Sunday, May 23, 2010

How to convince my cousin I shouldn't be replaced by an amoeba

So I’m self-employed. I suppose it’s a fancy way of saying that I’m sort-of unemployed. Thing is, as a dancer, I move from gig to gig planning as I go, it’s not a normal nine to five. I do lots of work but, unlike other people, I still have time for other things…like swimming and falling in love, eating crisps while reading a book and sitting on my ass doing fuck-all for hours at a time.

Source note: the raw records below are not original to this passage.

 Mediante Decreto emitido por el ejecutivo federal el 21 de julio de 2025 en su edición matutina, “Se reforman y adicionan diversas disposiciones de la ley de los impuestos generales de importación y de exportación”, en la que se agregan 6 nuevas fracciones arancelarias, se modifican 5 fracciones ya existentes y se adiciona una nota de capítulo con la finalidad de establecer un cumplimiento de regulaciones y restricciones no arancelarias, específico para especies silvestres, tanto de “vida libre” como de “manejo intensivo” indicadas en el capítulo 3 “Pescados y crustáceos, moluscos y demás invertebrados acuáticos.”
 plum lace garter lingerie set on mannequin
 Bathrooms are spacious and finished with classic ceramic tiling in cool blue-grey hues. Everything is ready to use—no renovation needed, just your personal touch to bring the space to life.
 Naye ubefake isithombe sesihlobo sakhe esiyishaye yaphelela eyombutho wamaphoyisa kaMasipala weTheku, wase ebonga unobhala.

I also obviously have time to sit for several hours a week writing utter nonsense and churning out rabid illustrations on MS paint and then claiming that it’s a ‘blog’. Thing is, most of my work happens in the evening, so my days seem to be these halcyon times of bliss and leisure that stretch into eternity (even though they so do not!).

So my parents decide that although my ironing and dishwasher-emptying skills have improved, they are still not good enough (granted, taking 3 days to iron a shirt may be construed by some as ‘too long’ but I’m getting better! Ok but now I have to admit that this was a blatant exaggeration on my part…it only took two days) and that we need some help. Cue the entrance of my cousin, who is older than me and possibly has a child. Cue also, the most awkward situation ever.

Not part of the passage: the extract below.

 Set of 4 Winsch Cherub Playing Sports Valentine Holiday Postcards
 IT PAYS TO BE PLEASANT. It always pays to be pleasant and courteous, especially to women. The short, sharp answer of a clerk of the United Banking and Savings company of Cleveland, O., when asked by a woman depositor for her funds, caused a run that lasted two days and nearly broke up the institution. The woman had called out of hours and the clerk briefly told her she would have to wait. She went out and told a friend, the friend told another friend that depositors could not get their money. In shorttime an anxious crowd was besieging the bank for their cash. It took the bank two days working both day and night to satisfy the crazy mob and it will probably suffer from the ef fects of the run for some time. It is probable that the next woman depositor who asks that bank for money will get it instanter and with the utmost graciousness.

It’s kind of like being under house arrest…but worse. On the first day she arrived I’d had an extremely busy weekend, the company had had three gigs and we'd been shooting an advert (which Flavian and I choreographed) until midnight the previous evening so I slept late. Boy was that a mistake. I stumbled into the TV room half dressed with my hair all stuck up on one side of my head and make-up smeared across half my face. She didn’t even recognise me and my rasped ‘g’morning’ went unanswered…it was probably because she was too busy looking at me like this:





So then I try to sit in front of the telly to watch something while I continue to slowly wake up from my zombified state. But then I feel this burning in the back of my head. I was so sure that she was judging me like a judgy McJudgster! I could feel her judgement creep across the floor, up the couch and then settle over my head like some hideous judgemental hat-monster. She was ironing and I was just sitting like a lump watching the telly! Oh the shame!

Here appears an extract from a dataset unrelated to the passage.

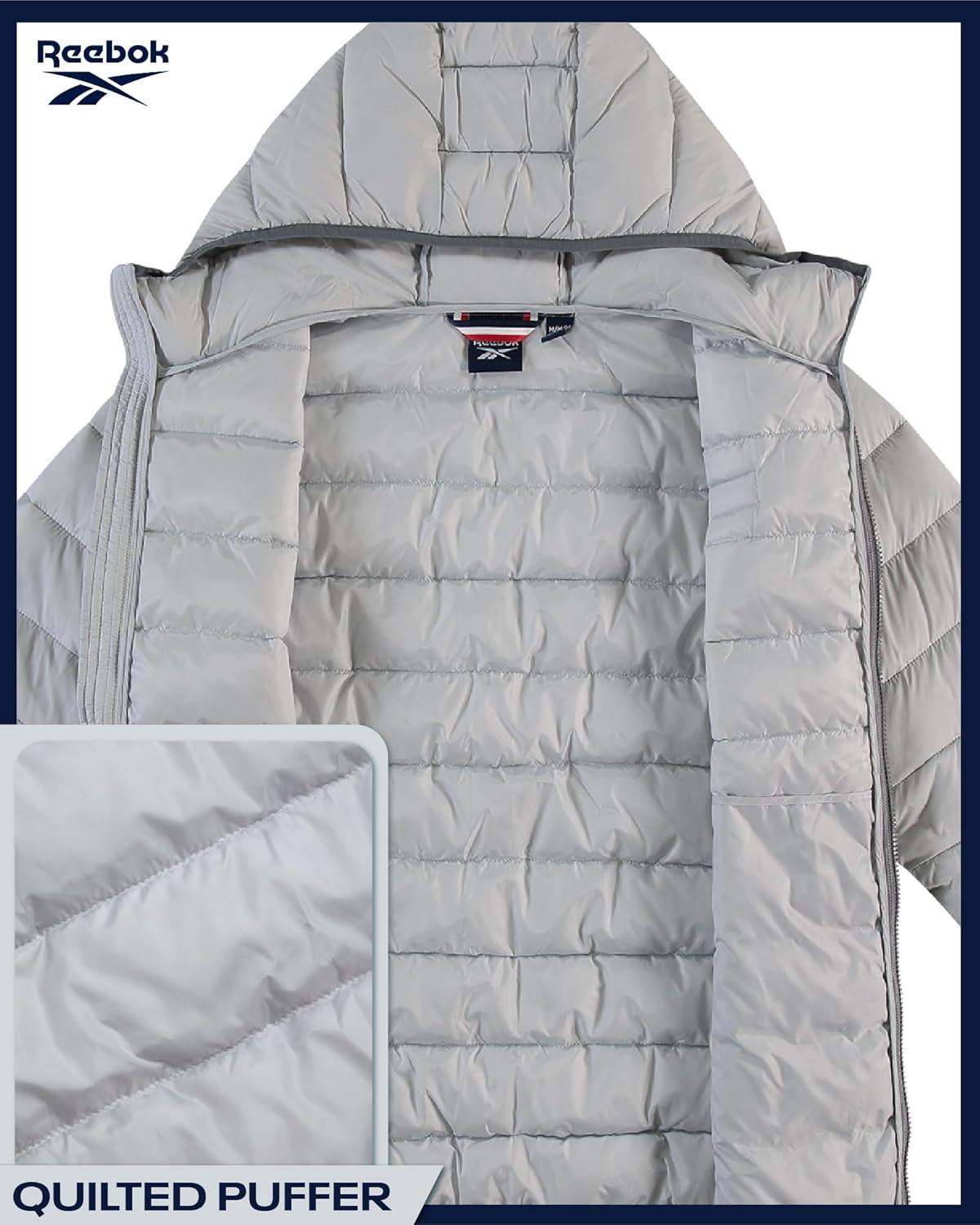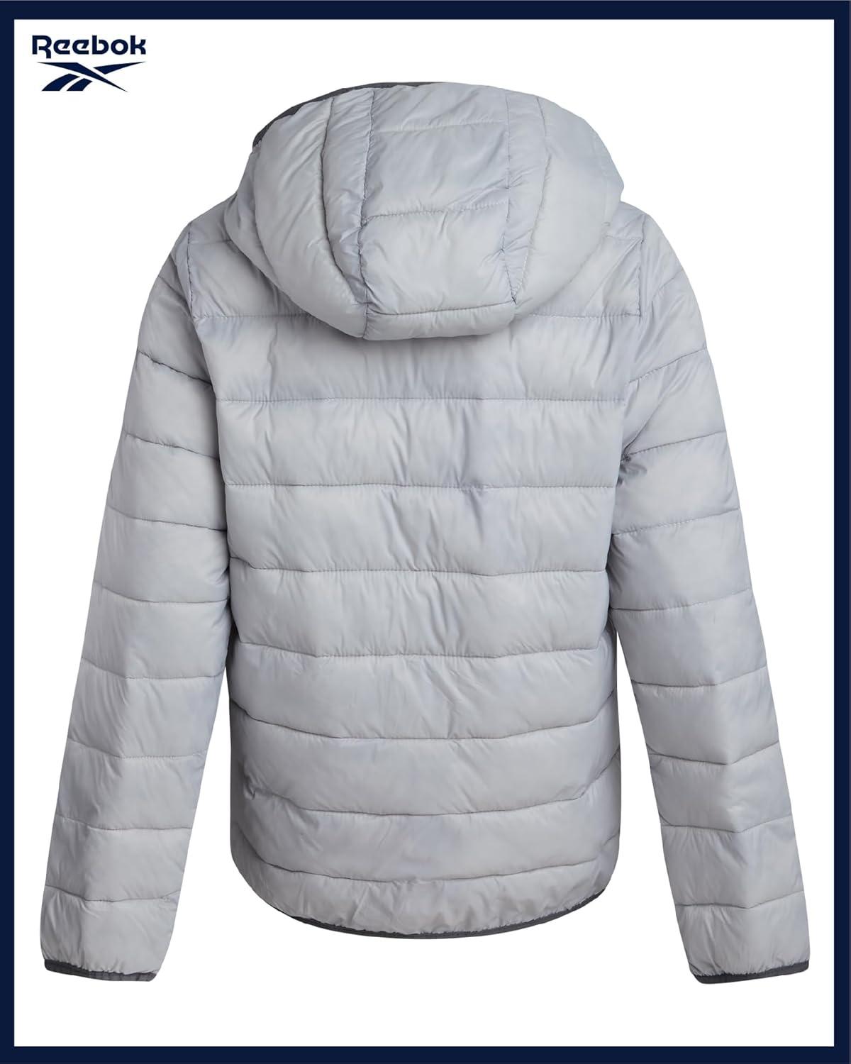 Reebok Boys Winter Coat - Lightweight Insulated Puffer Jacket - Wind & Water Resistant Quilted Hooded Winter Jacket for Boys(Ice Grey)

Ok…I think to myself…I need to get out of this hideous situation, so I decide to go and do some work on the computer. I get up and shuffle over to the office giving her an apologetic smile as I pass. I sit down and open my emails, then I check my Facebook. Our office is open plan so I manage to convince myself that she is staring at the computer screen judging me for being on Facebook while she has to do the ironing. Can I get no peace! So I bang out a couple of invoices and some minutes from a meeting to lead her into thinking that I was doing something useful. Ha ha! I laugh to myself in triumph, now I can go on Facebook without feelings of debilitating guilt! But alas my plan was always doomed to fail…I still felt completely rabid with uncomfortable…um…ness.. I went to empty the dishwasher and then I slunk back to my room like the useless lump I am. ‘I’ve worked really hard this weekend and I work lots in the evenings’ I felt like saying to her, but then she would’ve given me this look again:






...and I just couldn’t handle it.


So now I have embarked on a sort of guerilla warfare where I use subterfuge and diversionary tactics to try and convince my cousin that I have a purpose in life and that I should not be replaced by an amoeba.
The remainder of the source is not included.